Non in tutti questi istituti il Comune ha voce in capitolo ma partiamo da qui: allora, vicesindaco, è davvero accantonato il progetto di una triangolazione?
«In teoria no, secondo me resta potenzialmente validissimo, ma non nego che in pratica si sia ulteriormente allontanato. Faccio comunque notare che per la prossima grande mostra di Forlì, quella sul Decò, noi saremo la prima succursale, con pezzi importanti del Mic e del Misa (il museo storico interno al «Ballardini», ndr). Non ci limiteremo a prestare, ma agiremo in sintonia con il San Domenico e ne saremo sede complementare.

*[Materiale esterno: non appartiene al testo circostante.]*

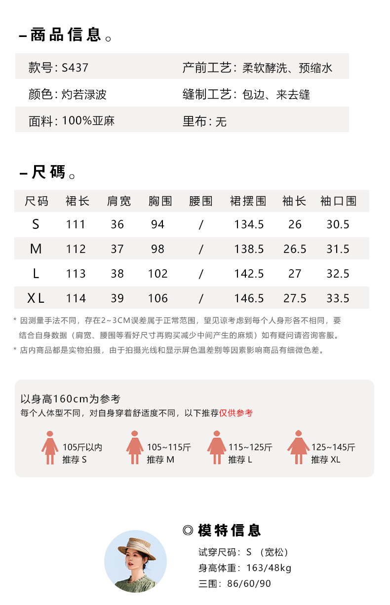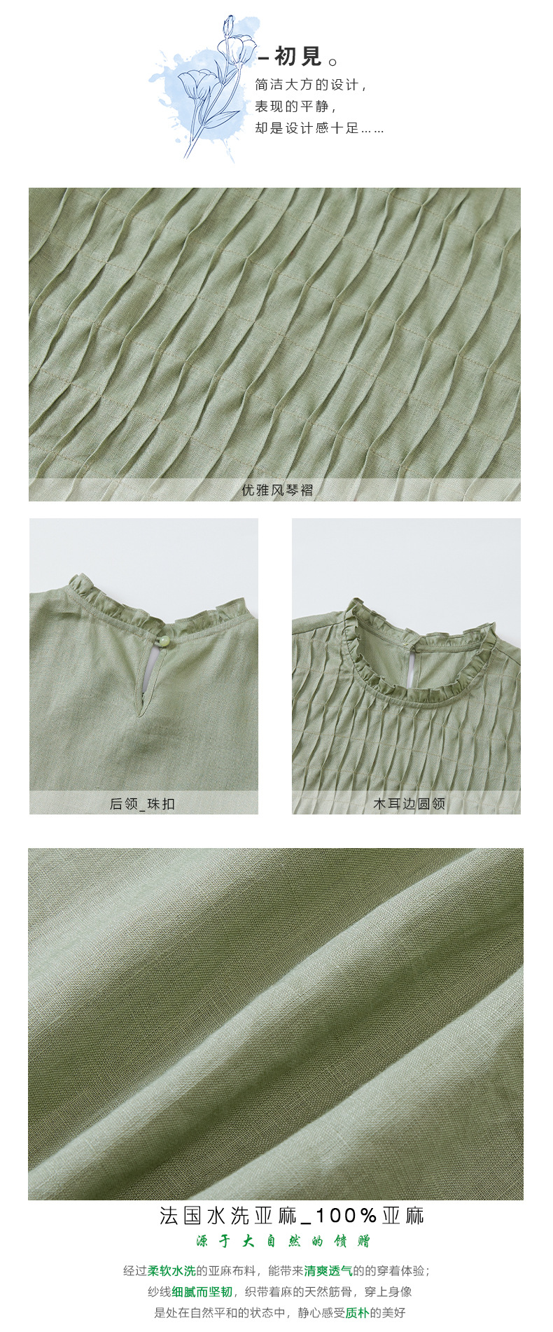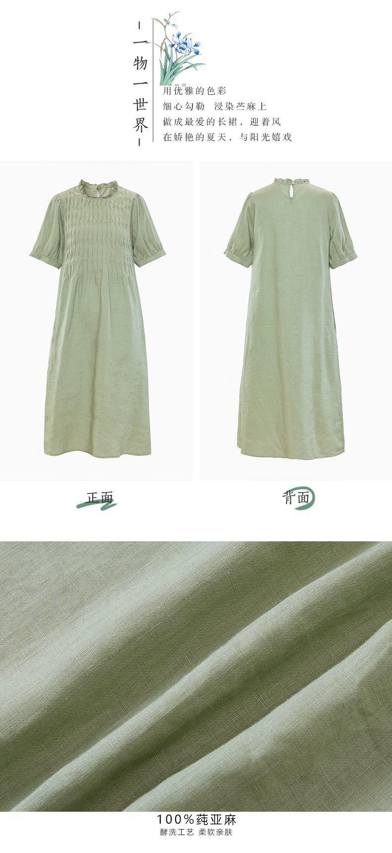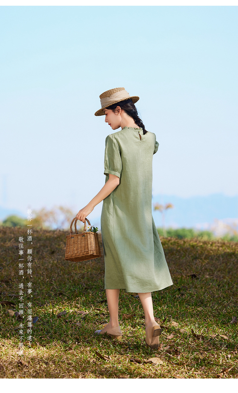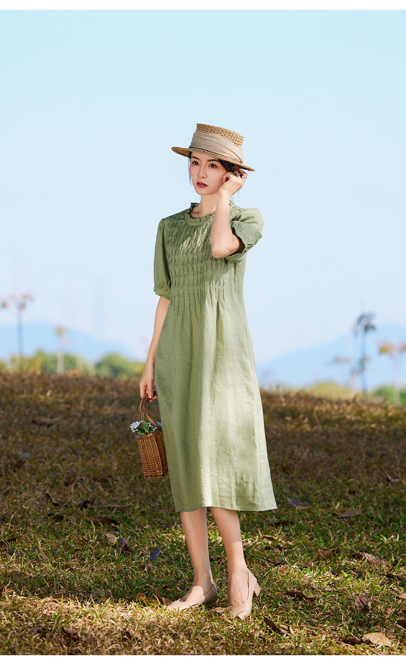 HM-S437春夏新款高端亚麻连衣裙中袖圆领木耳边温柔风琴褶文艺A字裙

Detto questo, non esistono solo le grandi mostre...».
Cioè?
«Nella Fondazione Mic, in cui il Comune resta ‘socio di maggioranza’, abbiamo fatto altre scelte: cura dell’esposizione permanente, redazione di nuove guide sui settori che ne erano sprovvisti - ceramiche islamiche, precolombiane e dell’Estremo Oriente, oltre alla nuova Guida Rapida, essenziale ma completa - e chiamata di personaggi di calibro per gestire situazioni che vanno oltre la pura realtà museale: cito solo Argillà, la scuola di disegno e, chissà, per un prossimo futuro, direi entro il 2018, anche la Pinacoteca».
Quest’ultima però è sempre andata avanti, e bene, sulle sue gambe...
«Certo, basti citare le mostre, inevitabilmente piccole ma encomiabili, le conferenze, l’attività culturale. Tuttavia lo spazio espositivo è minimo - le due sale a ciò originariamente dedicate sono vincolate alla donazione Vallunga, peraltro pregevolissima - e anch’essa necessita di un ripensamento, soprattutto se potremo accedere a nuovi spazi ora occupati dal Liceo». 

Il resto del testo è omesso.